In this study, we determine factors influencing the magnitude of snowmelt bypass for 17 open-drainage thermokarst lakes in the lake-rich tundra uplands east of the Mackenzie Delta in the Northwest Territories, Canada, during the freshet of 2018. This area contains thousands of thermokarst lakes that constitute up to 25 % of the landscape surface area and have changed in area and number during the past several decades in response to changing precipitation and permafrost thaw (Plug et al.2008; Marsh et al.2009). We used isotopic composition of lake water and precipitation from before and after snowmelt to estimate the proportion of lake water replaced by freshet during spring 2018 and evaluated relationships with lake and watershed characteristics. We selected lake and watershed characteristics that had the potential to impact under-ice mixing through their influence on the water temperature profile (e.g., lake depth) or by displacing pre-snowmelt lake water (e.g., watershed area). Isotope tracers were also used to assess whether the freshet is sourced solely from snowmelt or whether other water sources contributed to freshet. Future assessments of hydrological and biogeochemical properties of thermokarst lakes can use the lake and watershed attributes we identify to affect snowmelt bypass and lake water sources to inform their results, given the distinct biogeochemical properties of freshet runoff (Finlay et al.2006; Balasubramaniam et al.2015) and the influence of snowmelt bypass on the amount of freshet runoff retained by lakes.

2 Study area

The 17 study lakes are situated in the taiga–tundra uplands east of the Mackenzie Delta, in the northwestern region of the Northwest Territories, Canada (Fig. 2). The landscape is comprised of rolling hills and is strongly influenced by permafrost thaw, as evidenced by the thousands of thermokarst lakes which formed between 13 000 and 8000 years ago (Rampton1988; Burn and Kokelj2009) that are typically 2–4 m in depth with a surface area from 10 to 1000 ha (Pienitz et al.1997). The study lakes are situated along a ∼70 km stretch of the Inuvik–Tuktoyaktuk Highway north of the town of Inuvik (Fig. 2). The average area of the lakes is 14.2 ha (0.9–90.5 ha), and the average maximum depth is 2.2 m (1.0–4.1 m) (Table 1). All lakes have a defined outlet channel observed to be active during the spring melt, thus classifying them hydrologically as open-drainage, and many lakes have defined channelized inflows from their watersheds in the form of small streams or ice-wedge polygon troughs.
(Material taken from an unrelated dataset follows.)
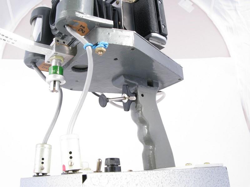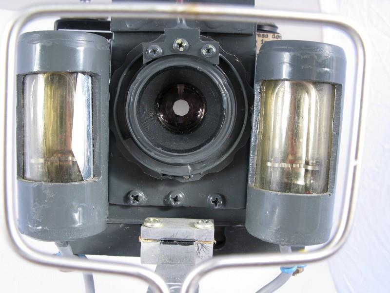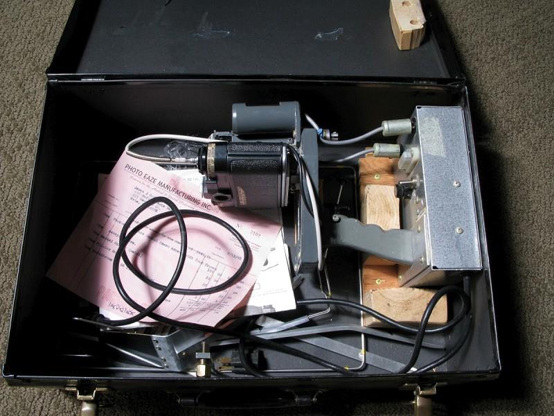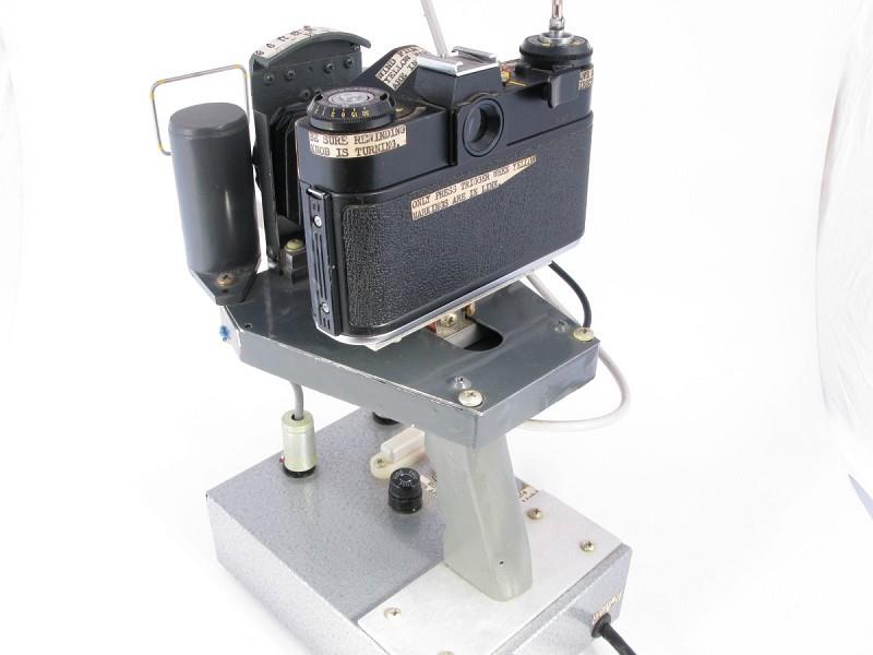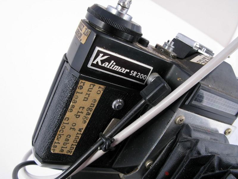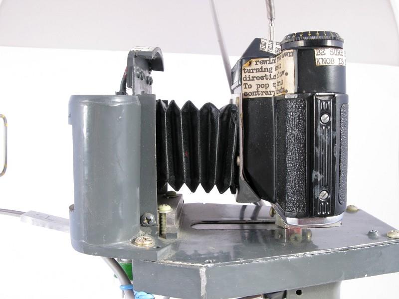 The camera has macro bellows attached to it with specialized lens. The speed shutter dial is taken off so it is hard set on 1/30. The camera is fired by a trigger on the bottom of the system - a la pistol grip, with cable release going up to the camera.
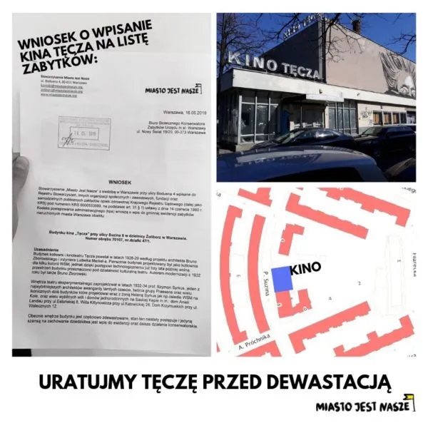 Złożyliśmy pismo do Stołecznego Konserwatora Zabytków w sprawie wpisania kina Tęcza do Gminnej Ewidencji Zabytków. Mamy nadzieję że uchroni to Tęczę od dalszej degradacji. Trzymamy też kciuki, by obiekt zyskał nowe życie - kulturalne i społeczne, jak dawniej.

https://hess.copernicus.org/articles/26/6185/2022/hess-26-6185-2022-f02

Figure 2Blue circles indicate lakes that were sampled before and after snowmelt in 2018. Tundra uplands are in white, while the Mackenzie Delta is in grey. In the inset, key locations near the Trail Valley Creek field station are shown.

Table 1Lake and watershed properties for sampled lakes. Lake locations are shown in Fig. 2.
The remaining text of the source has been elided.